- What the task asks: A word-for-word copy of the following listing is needed. Leave out its images.

- Data provided:
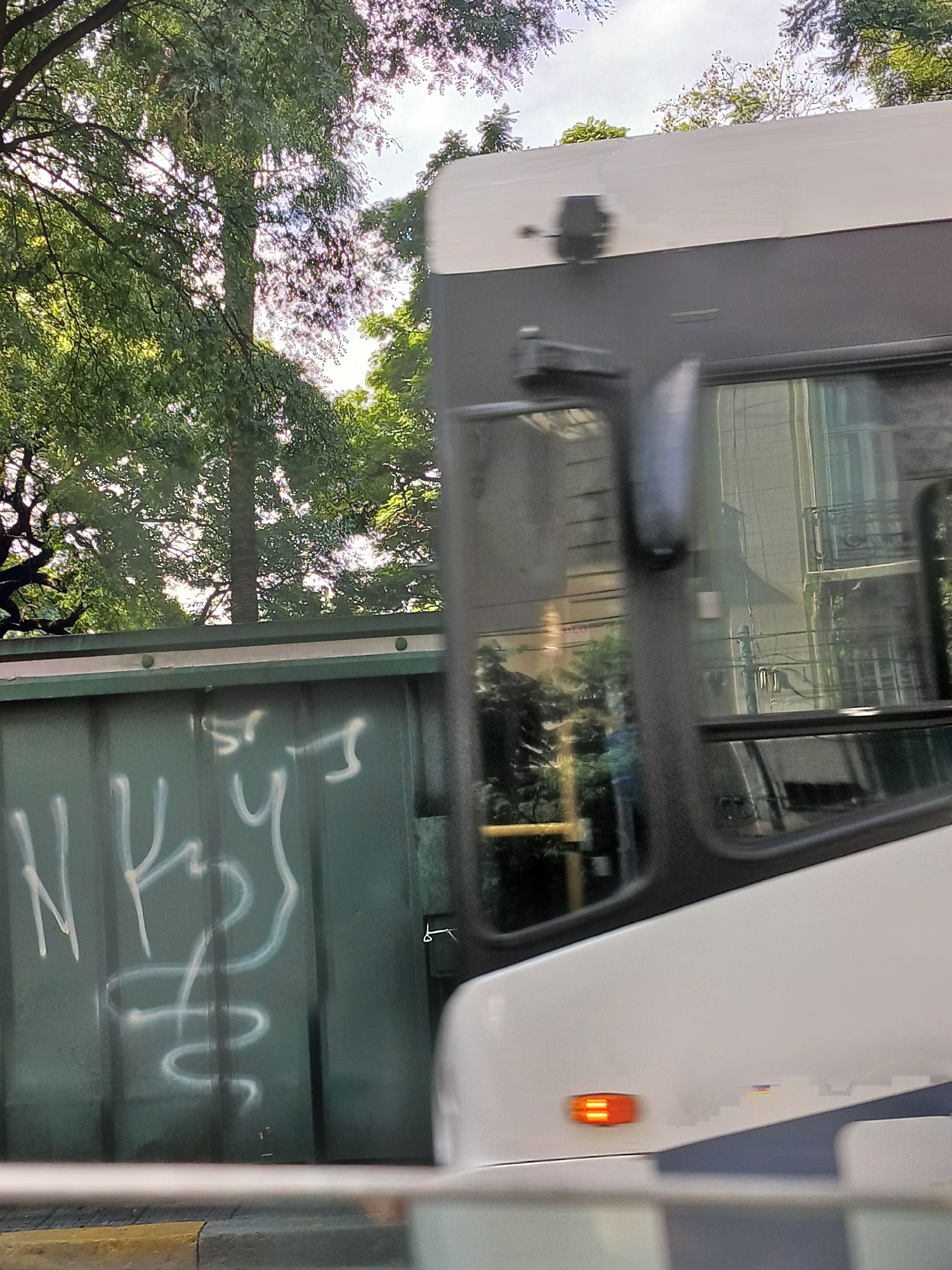 A partial view of a white and gray bus is visible in front of a green wall with white graffiti. Trees are visible behind the bus, suggesting an urban environment. The context clues, such as the graffi…read more
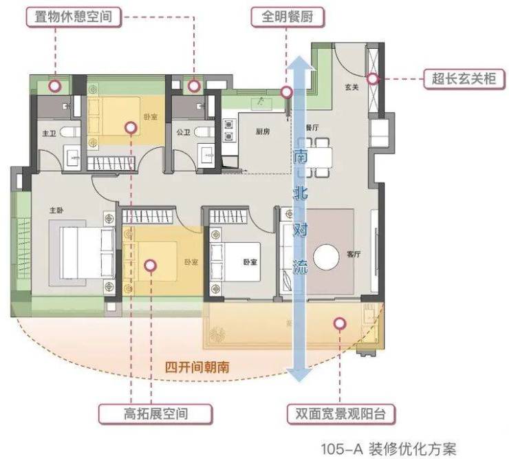 105平户型(1、2栋):(3+1)房2厅2卫,布局和85平相似,也是四开间朝南,阳台连通客厅与次卧,不同的是,北向有个卧室夹在公卫与主卫中间。
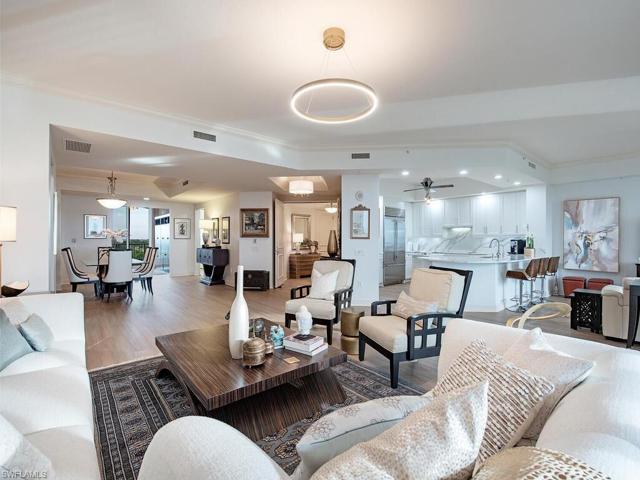 This updated Treviso unit offers stunning bay/gulf views at The Colony Golf & Bay Club. As you step into your private elevator lobby, you’ll notice fresh updates, including new wood-look floors in the main living areas. The Family Room, Living Room and Primary suite all bring in great sunset views through walls of glass. The open kitchen is modern with white cabinets, new Sub-Zero and Bosch appliances, and new Quartz counters. Primary suite features double closets and transformed bath with large porcelain tile floors, new shower surround, ½” shower glass, new tub, and white vanities. The spacious guest suite enjoys privacy and sunrise views. The den can double as a third bedroom if needed. Laundry room has new Electrolux Washer & Dryer. Treviso’s common areas feature transitional furnishings and marble floors overlooking water features. Amenities include a social room, billiards room, theater, fitness center, and three guest suites. Outside, a water feature flows down to the spa and pool with a graceful beach entry. Colony amenities include Bay Club with waterfront dining, beach park with a boat shuttle, and a kayak park. Equity Golf is optional at the Colony Golf Club

- Response to the exercise:
 A partial view of a white and gray bus is visible in front of a green wall with white graffiti. Trees are visible behind the bus, suggesting an urban environment. The context clues, such as the graffi…read more
 105平户型(1、2栋):(3+1)房2厅2卫,布局和85平相似,也是四开间朝南,阳台连通客厅与次卧,不同的是,北向有个卧室夹在公卫与主卫中间。
 This updated Treviso unit offers stunning bay/gulf views at The Colony Golf & Bay Club. As you step into your private elevator lobby, you’ll notice fresh updates, including new wood-look floors in the main living areas. The Family Room, Living Room and Primary suite all bring in great sunset views through walls of glass. The open kitchen is modern with white cabinets, new Sub-Zero and Bosch appliances, and new Quartz counters. Primary suite features double closets and transformed bath with large porcelain tile floors, new shower surround, ½” shower glass, new tub, and white vanities. The spacious guest suite enjoys privacy and sunrise views. The den can double as a third bedroom if needed. Laundry room has new Electrolux Washer & Dryer. Treviso’s common areas feature transitional furnishings and marble floors overlooking water features. Amenities include a social room, billiards room, theater, fitness center, and three guest suites. Outside, a water feature flows down to the spa and pool with a graceful beach entry. Colony amenities include Bay Club with waterfront dining, beach park with a boat shuttle, and a kayak park. Equity Golf is optional at the Colony Golf Club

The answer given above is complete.